Monday, July 03, 2006

yeah, that seems about right.


As I stare down the last six weeks of my 34th year, it appears that this particular year has made me old. That seems about right. I feel old and my hair has decided to go along with this feeling by turning grey. Perfect. I find myself scouring the crown of my head in the rear view mirror at stop lights. Could that one maybe, possibly be blond? Do they just sprout fully-formed overnight, during the course of a staff meeting at work or as I'm looking at our bank statement or talking to my mom on the phone?
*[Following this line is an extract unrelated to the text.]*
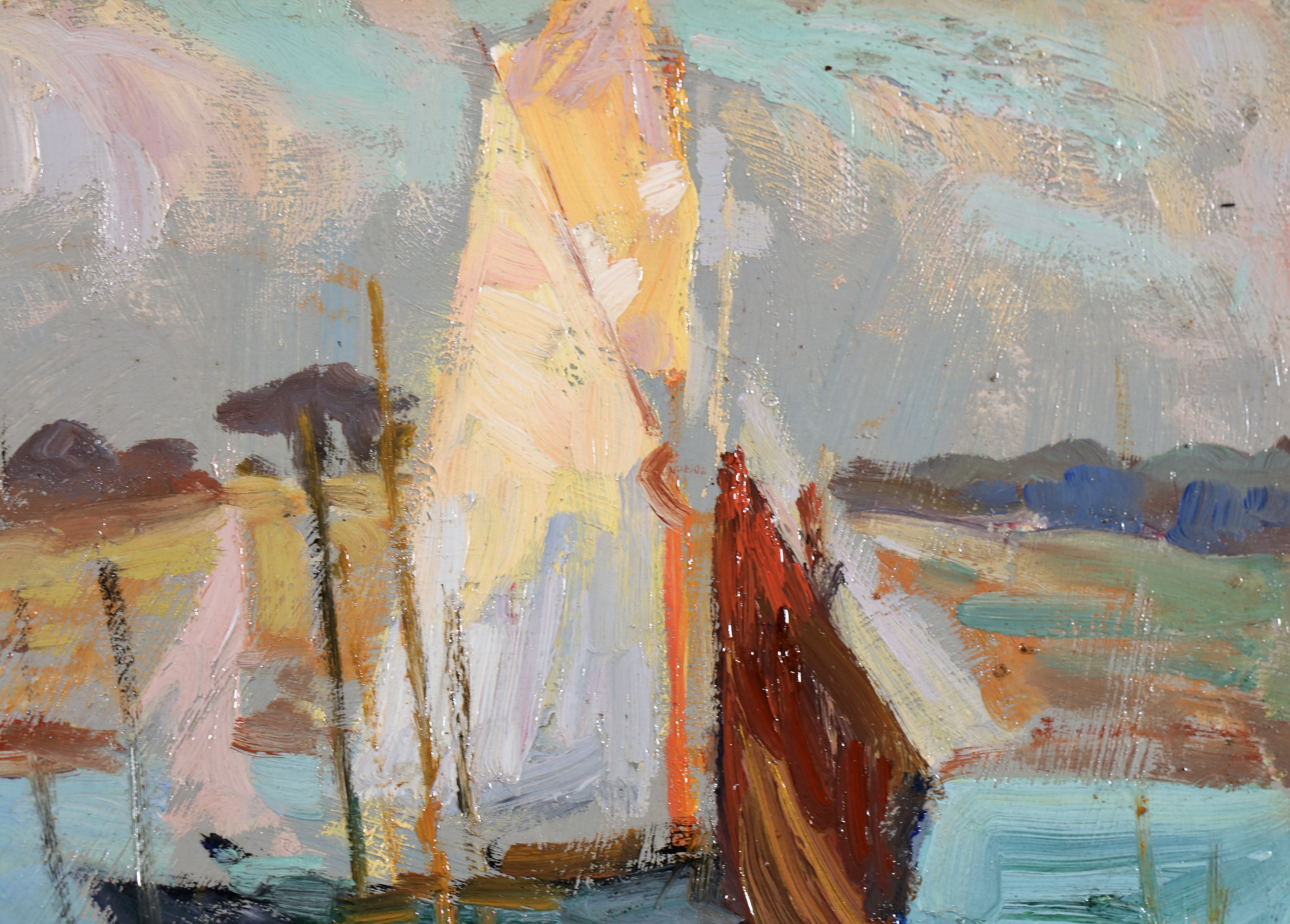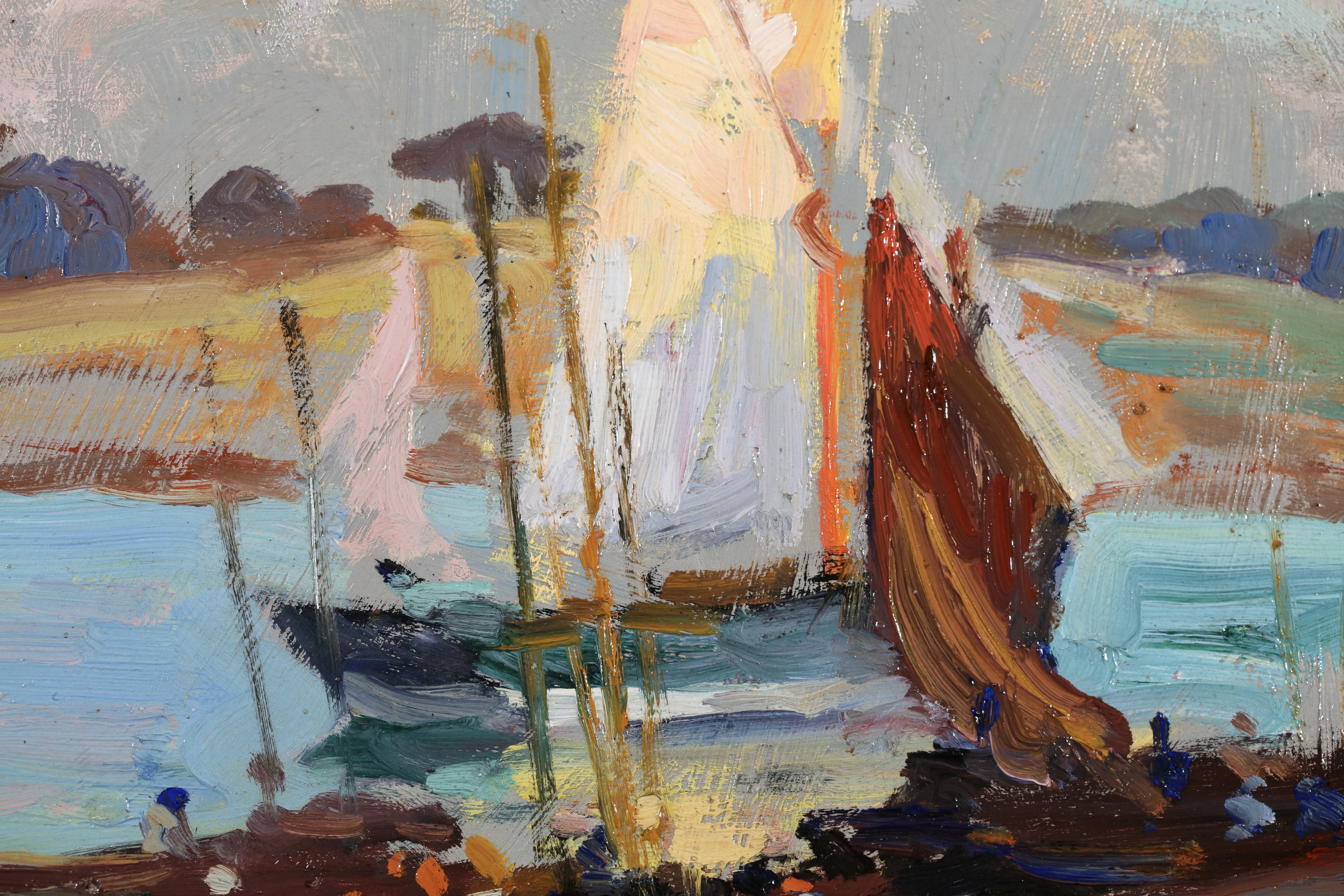 Like many of his contemporaries, Sydney Thompson went to Europe to further his artistic education. With a large sum of money settled on him by his father, he left New Zealand for London in 1900. His art training began at the Heatherley School of Art, an appropriate choice for an artist with ambitions in portraiture and figure painting. However, he soon tired of its tedious routines and went briefly to the artists' colony at Staithes, Yorkshire, before leaving England in 1901 to study in Paris. He enrolled at the Académie Julian and took classes with Gabriel Ferrier and William-Adolphe Bouguereau. The Irish impressionist William John Leech was a fellow student. Thompson's travels included Italy, Scotland and Dublin, but it was the time spent at the artists' colony at Concarneau, Brittany, where he was based between 1902 and 1904, that made a lasting impression. His romantic involvement with the region, which was expressed in much of his subsequent painting, stemmed from this visit. In 1904 he exhibited at the Royal Academy of Arts in London, and at the Paris Salon of the Société des artistes français.

I should admit, I've always liked my hair and taken some secret pride in the ease of our relationship. It's just your basic brown, straight hair, but its always been very cooperative. It lets me do my thing, and in turn, I treat it well. I give it ridiculously overpriced shampoo and hair products, and with the exception of that regrettable perm right before leaving for college, we've always managed just fine. But now its turned on me. Gone are the days of impulsively getting color or high/lowlights for fun, on a whim, in a sleek and stylish salon. I'm now going to be one of those crazy moms who locks herself in the bathroom every sixth Saturday to home dye her hair.

Is this truly what its come to? And more importantly, why does it make me want to cry? I don't consider myself vain, but I now have one more mandatory beauty ritual to add to an ever growing list. Along with waxing, plucking, moisturizing, hydrating, etc. I need to add dying my hair when on most days I'm thrilled to shower before I leave the house in the morning.